Tor-Relay shows unusual traffic and connection issues

DbT · December 7, 2023, 12:23am

Hey there,

I’m new tor and have made my first experiences with operating a tor-nonexit-relay. However, I have noticed some things that made me a bit suspicious. WhenI start the tor relay, it’ll work quite normal for the first few hours. Traffic is normal and nothing special happens. When it runs for a while, it starts to behave a bit weird. The average upload rate is noticably higher than the average download rate - almost 10% more upload. I am not sure what to make with this ovservation. Is this normal? If my relay just “puts traffic through”, download and upload should - at least almost - be the same, right? I was worried if my relay might have been compromised and is used as a server/service.
The next problem occurs only after the relay has been running for a while. The server (vps, Linux, 1GiB RAM, 1 vCore) becomes very unsresponsive. Establishing a ssh connection or starting nyx takes much more time than it should. This is not directly related to traffic. When the relay hasn’t been running for long, performance is good. Additionally a lot of notifications like “nf_conntrack: table full, dropping packet” and “callbacks suppresse” are produced. Tor itself seems to still operate normally in this situation with traffic being normal and flags - like “fast” and “running” - remain unchanged.
What do you think about this? Have I been doing something wrong and what to do about that?

Best
D

Vort · December 7, 2023, 7:09am

There are two possibilities:

Either it is DDoS attack on your relay, like happens since yesterday for my relay.
Or your computer just don’t have enough resources to run relay.

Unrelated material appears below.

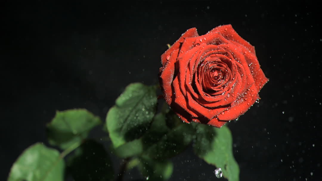 Dewy Red Rose Captured in Slow Motion Video

In my case upload was 500% larger than download. That’s unusual. 10% difference is probably fine.

I suggest you to check how much RAM Tor process consumes. Maybe that’s a reason.

DbT · December 7, 2023, 2:06pm

Thanks for your response. Ram usage has been around 50%, even when performance was bad. Is there a RAM-Usage limit for the tor process or can it use as much as it needs? I was wondering if I can allocate more ram to the process
Are DoS attacks a common thing for tor relays? Is there something I can do about or should I just continue to run the relay?

Vort · December 7, 2023, 3:06pm

It’s complicated.
Theoretically, memory usage is controlled by MaxMemInQueues option in torrc.
It have default value, which depends on total amount of RAM available in system.
However, for my node, especially under DDoS, this option have almost no effect.
But since you said about 50% load, I think RAM amount is not a problem for your relay.

You can also check CPU load. Probably amount of used file descriptors also worth checking. But I’m just guessing. Maybe someone else have better ideas.

Also try pinging your relay when problem starts to appear.

This message may be important, looks like messages from Linux firewall, but I have no idea how it should work. Maybe you can google what it means and how it can be tuned.

Not very common, but also not rare.
Methods of mitigation depends on attack type.
Sometimes it is enough to ban IP addresses of attackers.
Sometimes relay just needs to be updated to latest version with fixes.
Sometimes adding limits like MaxMemInQueues mentioned earlier or NumCPUs or RelayBandwidthRate can help.

DbT · December 29, 2023, 8:23am

Now, after an update of tor, i was able to run the relay for almost a week without noticeable issues. After that the described problems occurred a few times, but its not a constant thing so i think that’s fine. But traffic is quite low, with an average of 1MB/s. However, Nyx was saying “[NOTICE] All current guards excluded by path restriction type 2; using an additonal guard.” I don’t know what to make with this.

sunshinecowboy · January 2, 2024, 9:18pm

Not all single core vps are created equal. Some can handle running a Tor relay, many can’t. This is the reason why your relay in struggling to maintain a 1 MB/s. I’d recommend finding a better vps provider and considering a 2 core option.

capole · January 7, 2024, 12:03am

I may be wrong, but the 1 vCPU and 1GB RAM sounds to me like the free tier of Oracle. I use the free tier as well and used to run my first relay for some time the same way you do and came across the exact same problem with the instance becoming unresponsive. I had a lot of service disruptions over time, it may work fine for a week or become unresponsive several times a day.

If you use the free tier you can limit you account, remove the payment method (just in case) and use ARM computing, they offer 3,000 OCPU hours and something else for free, which is the equivalent to 4 vCPU and 24GB RAM, all of this per month, so you’ll never run into any surprise if you limit yourself to those resources.

Thanks to migrating to ARM, I moved my first relay to this new machine and set up the other 2 without having to deal with any issue. I now host a machine with 2 vCPU and 8GB RAM with these 3 nodes, but I may have to add one more vCPU as with two nodes fully working and the other ramping up, CPU is already at 55-70%.